_YOUR INSTRUCTIONS_
An exact copy of the data is required. No picture may appear in it.

** Opening DATA block **

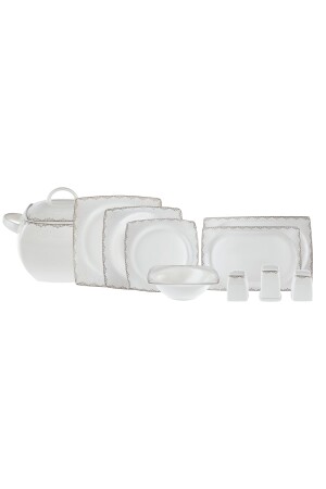 MNZ-Emsan العظام الجميلة اللوتس الجديد 61 قطعة عشاء مجموعة للـ 12 شخص مجموعة محتويات 12 طبقات 12 طبقات كعك 12 طبقات عميقة 12 أكواب حساء 1
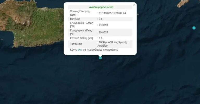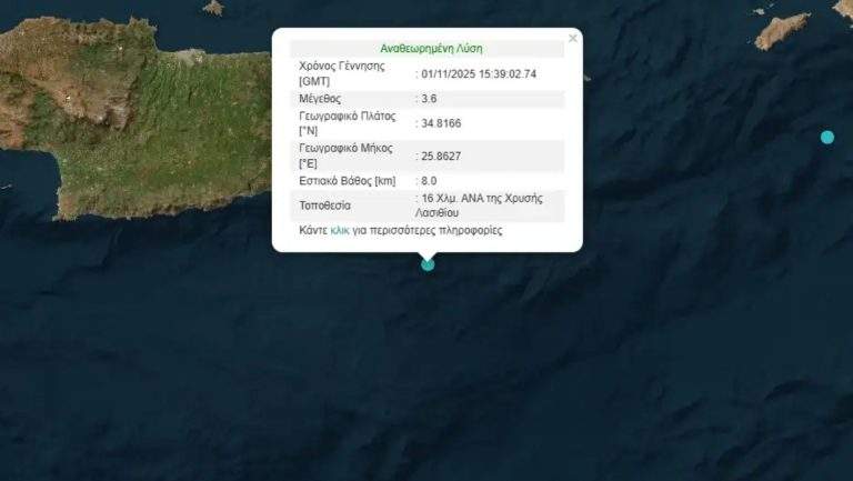 Σεισμός 3,6 Ρίχτερ ανοιχτά του Λασιθίου
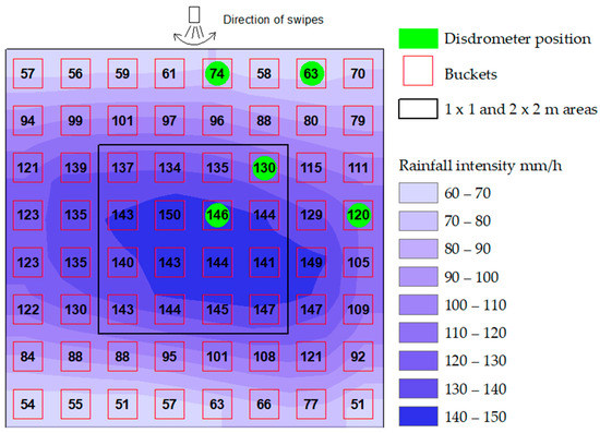 The functionality and usability of the device were tested in terms of rainfall uniformity and Ke of the raindrops. The resulting parameters of the nozzles and the generated rainfall characteristics are presented in Table 1. In total, six flat nozzles and one square nozzle presented a CU higher than 70%. In Figure 3, an example of rainfall spatial distribution (nozzle Veejet 80100) is shown. The green spots indicate where the disdrometer was placed.

** Closing DATA block **

_YOUR SOLUTION_
 MNZ-Emsan العظام الجميلة اللوتس الجديد 61 قطعة عشاء مجموعة للـ 12 شخص مجموعة محتويات 12 طبقات 12 طبقات كعك 12 طبقات عميقة 12 أكواب حساء 1
 Σεισμός 3,6 Ρίχτερ ανοιχτά του Λασιθίου
 The functionality and usability of the device were tested in terms of rainfall uniformity and Ke of the raindrops. The resulting parameters of the nozzles and the generated rainfall characteristics are presented in Table 1. In total, six flat nozzles and one square nozzle presented a CU higher than 70%. In Figure 3, an example of rainfall spatial distribution (nozzle Veejet 80100) is shown. The green spots indicate where the disdrometer was placed.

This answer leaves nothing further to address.